Devarius inhaled. “I was a boy.” He rubbed his eyes. “We had little food. There was only enough to feed us. I don’t even think my mother and father ate. There was a bad drought, then a bad freeze during the winter. My parents didn’t pay their taxes to the Dragonia Empire. They couldn’t afford to. We hadn’t sold any of our crops that year. Two dragonriders came. They … they …” Devarius wiped a tear threatening to fall from his eye. “They demanded the taxes, the rightful taxes of the Dragonia Empire as they called it. My parents didn’t have it. They took my parents, and my older brother, and hung them in our front yard. They made my sister and me watch.” Tears streamed down Devarius’s face. “They made crude jokes about the color of our skin, about us being less human than them. Then … then, they took my sister. One of the riders took her onto his saddle and said she would be his. She was a couple years older than me.” He wiped his tears. “They took her and flew off into the distance. I was alone, and without hope. We lived on a farm, and our closest neighbors were leagues away. It was only me, and I had no idea what to do.”

A long moment of silence followed his confession.

“That is quite a story,” Ellisar said.

Devarius looked into the leader’s eyes. “So, if you’re curious if my intentions are sincere, let me assure you, I am here to join you. I am here to help build the Resistance. I am here to make sure the Dragonia Empire pays for what they’ve done, not only for what they’ve done to me, but also for all the things they’ve done against hundreds of other families in Kaeldroga.”

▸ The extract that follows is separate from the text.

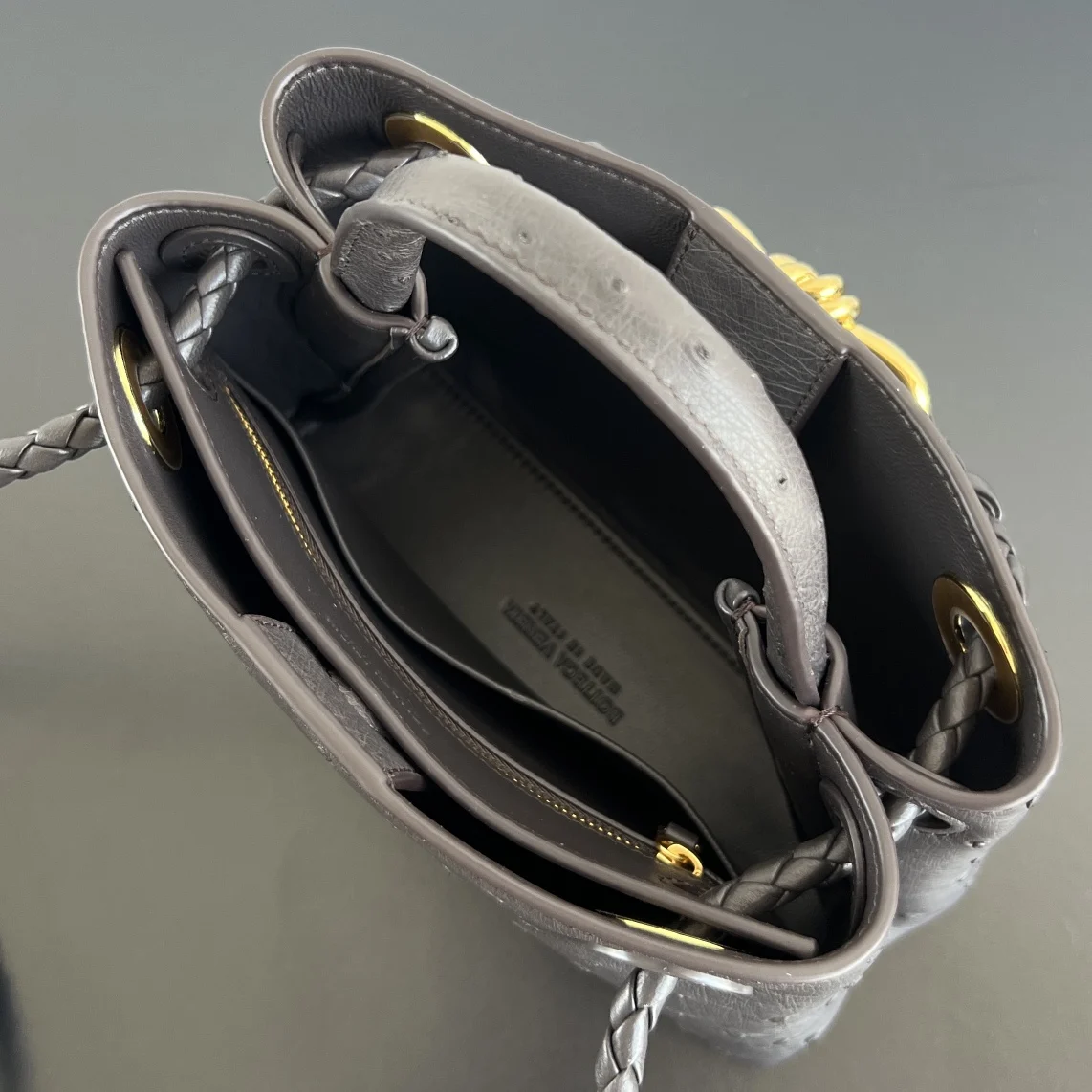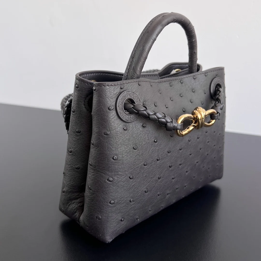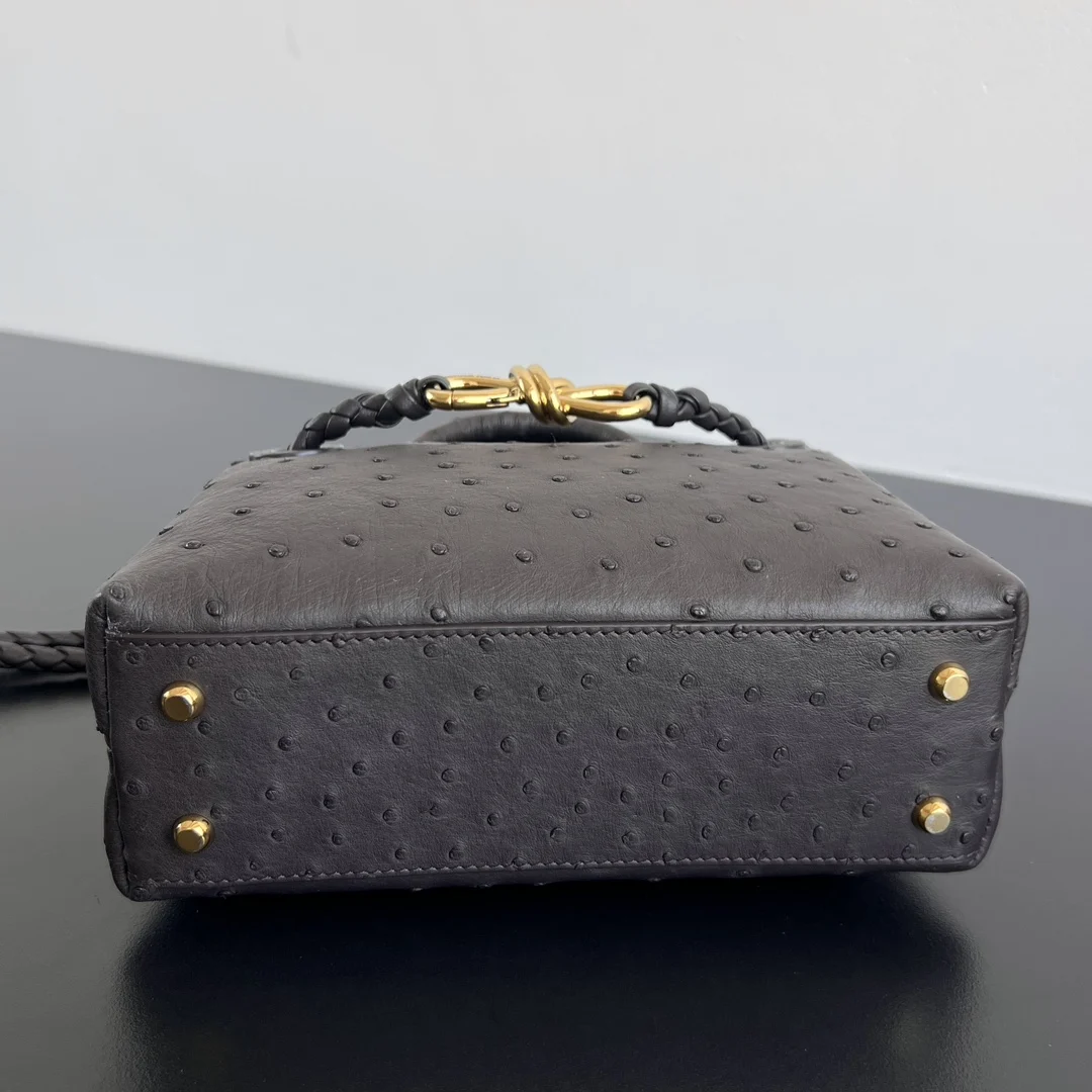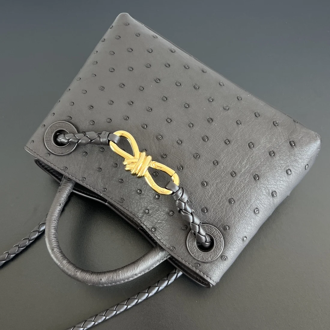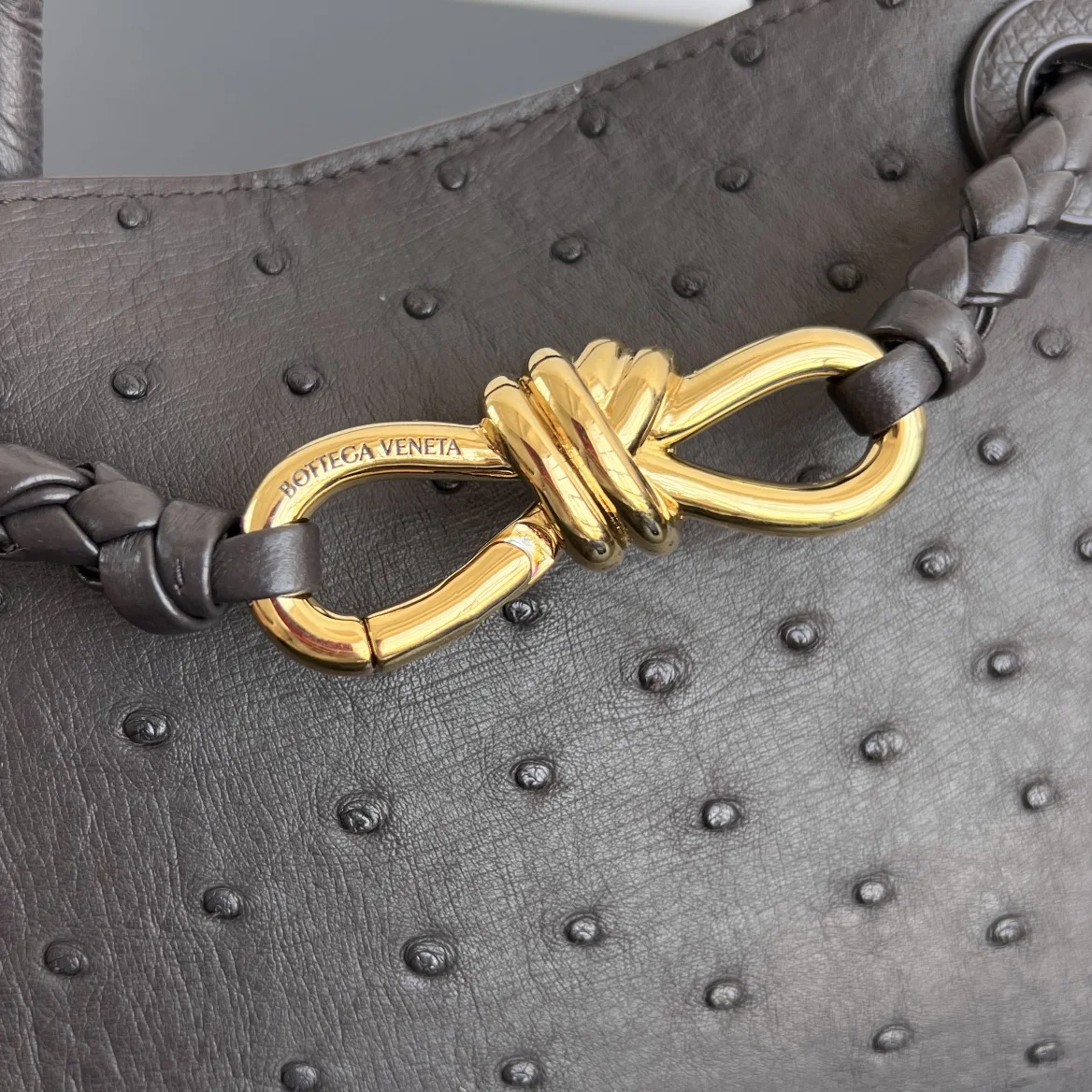 BV New Arrival Ostrich Leather Andiamo 805232 - A must-have for texture enthusiasts! The charm of ostrich leather Crafted from precious ostrich leather! The leather features unique pearl follicles, each natural pore offering a one-of-a-kind texture. It feels delicate yet slightly grainy to the touch, and the soft, puffy bag shape evokes a sense of effortless cloud-like comfort . However, the resilience of ostrich leather provides a luxurious structure . The metal knot closure perfectly complements the matte finish of the ostrich leather, exuding understated and effortless elegance . This bag understands the aesthetics of women, offering both gentleness and strength, making it ideal for those who desire understated luxury . Dimensions: 20x15x7

“I believe you,” Ellisar said.

Devarius wiped away the rest of his tears and hardened his face. “What can I do?”

Ellisar’s lips pressed together tight. “Tomorrow, at sunrise, you can be at the courtyard. It is time for your training to begin.”

“Training?”

“How good are you with a sword?”

“I’ve only briefly used one. I know how to use a dagger.”

Ellisar nodded. “Tomorrow you will begin training. First will be conditioning, but soon, weapons training will follow. Bring any man or woman you believe can be skilled with a weapon.” Ellisar shook his pointer finger. “There is no racism or sexism here. The color of your skin doesn’t matter. You’re human. Whether you’re a man or a woman doesn’t matter. You’re human. We will only defeat the Dragonia Empire as a united force of humans. If you notice anyone being treated differently, do not hesitate to tell me.” Ellisar paused. “That being said, Tynaer is a jerk to everyone. But”—his finger continued to waggle—“he is hard for a reason. You will be in shape when he’s through.”

Devarius nodded. “I understand.”

“Are you ready?”

Devarius smiled. “I am.”

“Rest well tonight. The real fun starts tomorrow.”